How do I proceed after this?

I am not sure if this belongs to the Algebra section.

Any help is appreciated. Thanks!

In...

http://mathhelpboards.com/challenge-questions-puzzles-28/not-too-challenge-question-562.html

... it has been demonstrated that...

$\displaystyle \sum_{k=2}^{\infty} \{ \zeta(k) -1\} = 1\ (1)$

... so that we can write...

$\displaystyle S = \sum_{n=1}^{\infty} \sum_{k=2}^{2014} \frac{1}{n^k} = \sum_{k=2}^{2014} \zeta(k) = 2013 + \sum_{k=2}^{2014} \{ \zeta(k) -1\} < 2014\ (2) $

... so that is $\displaystyle \left[ S \right] = 2013$...

Kind regards

$\chi$ $\sigma$

 

[I like Serena]

In...

http://mathhelpboards.com/challenge-questions-puzzles-28/not-too-challenge-question-562.html

... it has been demonstrated that...

$\displaystyle \sum_{k=2}^{\infty} \{ \zeta(k) -1\} = 1\ (1)$

... so that we can write...

$\displaystyle S = \sum_{n=1}^{\infty} \sum_{k=2}^{2014} \frac{1}{n^k} = \sum_{k=2}^{2014} \zeta(k) = 2013 + \sum_{k=2}^{2014} \{ \zeta(k) -1\} < 2014\ (2) $

... so that is $\displaystyle \left[ S \right] = 2013$...

Kind regards

$\chi$ $\sigma$

Nice!

And it's not a $B, \Gamma, W, $ or $A$ function! ;)

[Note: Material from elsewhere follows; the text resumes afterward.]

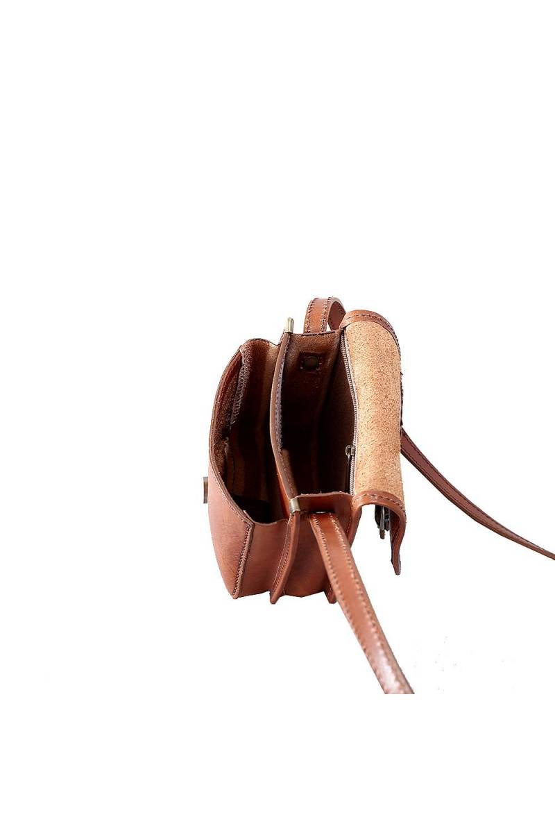 Geanta dama de umar, crossbody, din piele naturala vachetta, doua compartimente, un buzunar interior, inchidere cu capsa magnetica, curea de umar din piele naturala, reglabila.Fabricata in Italia.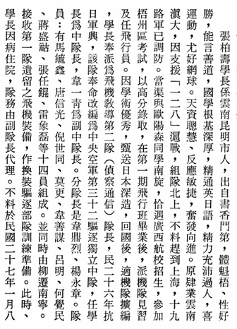 关于住院的考证告一段落,毕竟查一个不参战的战士的历史既困难又没有意思。后来我找到一份台湾期刊《广西文献》, 看到韦鼎峙的文章,才“得来全不费工夫”。韦鼎峙,广西航校飞行班第二期学员,空军三大队七中队队员、分队长,战后迁台,和族兄韦鼎烈两位作为同学中幸存的那一少部分,情感和责任心都很充沛,兢兢业业为留存旧日同学战友事迹找了很多资料,写了很多文章。其中1992年在《广西文献》连载六篇《广西航校同学印象记》,关于张柏寿的部分如下:

If we expand the proof for $\sum\limits_{k=2}^{\infty} \{ \zeta(k) -1\} = 1$, there is not even a zeta function.

 

[alyafey22]

We need only prove that

\(\displaystyle \sum_{k=2} \zeta(k)-1 = 1\)

which can be done by interchanging the two sums.

It is clear that $\zeta(k)>1$ for all $k\geq 2$

so it must be the case that $ \sum_{n=2}^k \{\zeta(n) \} $ is less than $1$ .

 

[Saitama]

In...

http://mathhelpboards.com/challenge-questions-puzzles-28/not-too-challenge-question-562.html

... it has been demonstrated that...

$\displaystyle \sum_{k=2}^{\infty} \{ \zeta(k) -1\} = 1\ (1)$

... so that we can write...

$\displaystyle S = \sum_{n=1}^{\infty} \sum_{k=2}^{2014} \frac{1}{n^k} = \sum_{k=2}^{2014} \zeta(k) = 2013 + \sum_{k=2}^{2014} \{ \zeta(k) -1\} < 2014\ (2) $

... so that is $\displaystyle \left[ S \right] = 2013$...

Kind regards

$\chi$ $\sigma$

Thank you chisigma! :)